GUIDE: Sorry about that, someone thought it would be funny to make a fool out of Comedy. I can assure you that it will not happen again.

(The stage is filled with dance club style lighting, and CROSS-DRESSING saunters onto the stage, wearing a dress and high heels.)

GUIDE: This is one of our more eccentric elements, Cross-Dressing. Cross-Dressing was a necessary part of early theatrical work, since all parts were played by men. These days, it is most commonly found in student plays and low budget productions, but it is appearing more and more in major works. I guess there's just something about wearing a dress that makes a guy want to get up on stage.
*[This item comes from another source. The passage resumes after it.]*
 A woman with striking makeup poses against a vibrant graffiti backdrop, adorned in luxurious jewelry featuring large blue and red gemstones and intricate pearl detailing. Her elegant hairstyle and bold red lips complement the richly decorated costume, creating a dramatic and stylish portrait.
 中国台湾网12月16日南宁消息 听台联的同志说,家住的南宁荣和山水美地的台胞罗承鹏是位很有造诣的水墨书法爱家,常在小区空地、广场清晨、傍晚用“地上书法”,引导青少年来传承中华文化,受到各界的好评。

GUIDE: Now that we have everything out here, you're probably wondering how the artist puts it all together into a coherent and entertaining work of art. (ARTIST seems to awaken at the mention of this task, as if he's been wondering the same thing.) It is usually a painstaking process of meticulously weaving everything together into a complex plot, similar to the process an expert surgeon uses to repair a damaged human organ. (ARTIST is obviously displeased at the thought of this, and seems to feel as if he is in way over his head.) Many times though the artist simply lumps everything together, hoping that the details will work themselves out with little intervention on his part. (ARTIST suddenly perks up at the mention of this idea, and quickly begins herding all the VISIONS and ELEMENTS onto the stage.) The result of all of this is hopefully a true work of art, entertaining while making the audience think. Not all plays approach this ideal, but...
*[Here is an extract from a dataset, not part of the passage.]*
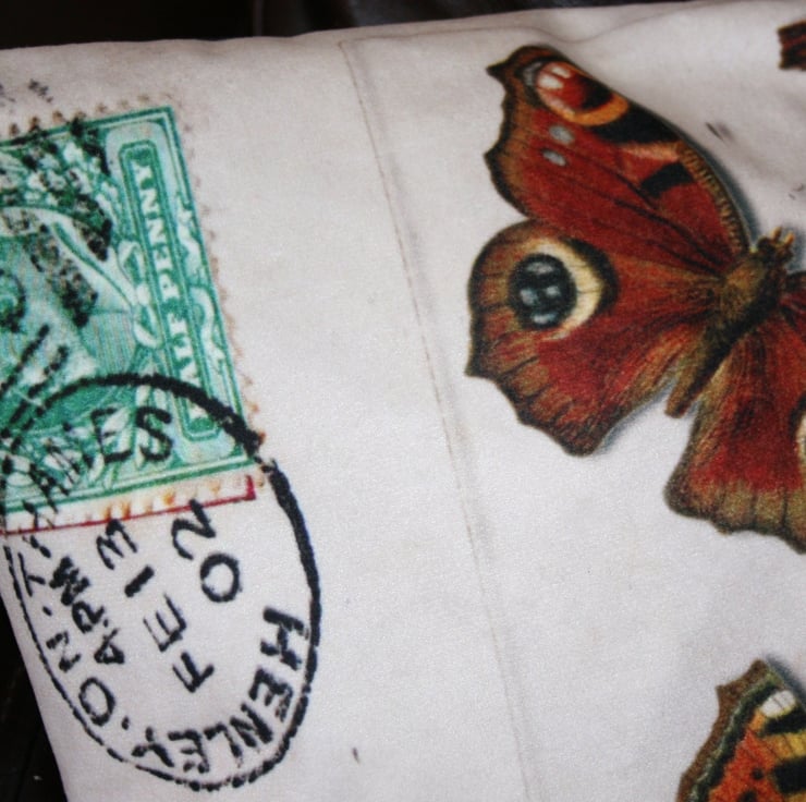 I love to create images from old pictures and turn them into something new. Using photo editing this cover shows vintage illustrations of beautifully coloured butterflies, to the side is a Henley postmark and the word Postcard.
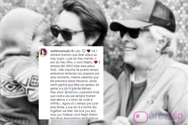 Na ocasião, ela deu maiores detalhes do sentimento inexplicável, que é a dor da partida e, inconformada, fez um desabafo emocionante na sua conta oficial do Instagram nesta última quarta-feira (20). “Luto. Há 1 semana tivemos que dizer adeus ao meu sogro, o pai do meu marido, o avô do meu filho, o vovô Ralphy. É sempre tão difícil dizer esse adeus final”, iniciou. “Não importa há quanto tempo estávamos tentando nos preparar pra esse momento, mesmo sabendo que ele precisava desse descanso, ainda assim parece que falta um pedaço da gente, e a dor é grande demais”, escreveu.

(GUIDE is broken off as ARTIST's work takes shape. The ensuing chaos is almost unimaginable. The lighting and sound contribute to the actions on the stage. CHAOS drifts apart to watch, obviously approving of what is going on. The other VISIONS and ELEMENTS mix with each other in all sorts of ways that seem completely out of place. CROSS-DRESSING is the most active, getting hit on by COMEDY, dancing with REALITY, and exchanging punches with the two components of VIOLENCE. The individuals from ROMANCE proceed to dance and fight with the others, and PURITY at first seems confused, but later joins in the chaos. ARTIST slowly steps away from the mess, trying not to draw attention to himself.)
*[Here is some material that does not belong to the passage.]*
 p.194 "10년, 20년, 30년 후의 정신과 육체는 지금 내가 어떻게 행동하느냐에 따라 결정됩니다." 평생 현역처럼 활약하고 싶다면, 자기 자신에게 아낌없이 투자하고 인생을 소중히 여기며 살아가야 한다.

GUIDE: (To the stage) Um. (Louder) Ahem. (Shouting) Excuse me!

(Everyone suddenly freezes, the sound stops, and lighting is returned to normal. ARTIST is close to the front corner of the stage, trying to escape. PURITY is in the middle of the stage, on top of the woman from ROMANCE and pulling her hair. COMEDY is passed out next to them. REALITY is tangoing with one of the two men from VIOLENCE. CROSS-DRESSING appears to be making out with the other man from VIOLENCE toward the back of the stage. The man from ROMANCE is off to the side with CHAOS, and they both seem to be quite high.)

GUIDE: (To ARTIST) Where do you think you're going? Don't think you can just create this mess and just walk away like it's not your problem. (To everyone else on stage) And as for the rest of you... You should all be ashamed of yourselves. This is not the way you're supposed to act when you're on stage. Now I want all of you to go backstage and think about what you've done. (To audience) I'm really sorry about this, that is absolutely not what we try to create out here. Anyway, I hope you learned something, anything, from this. Now you can have your intermission, you've earned it.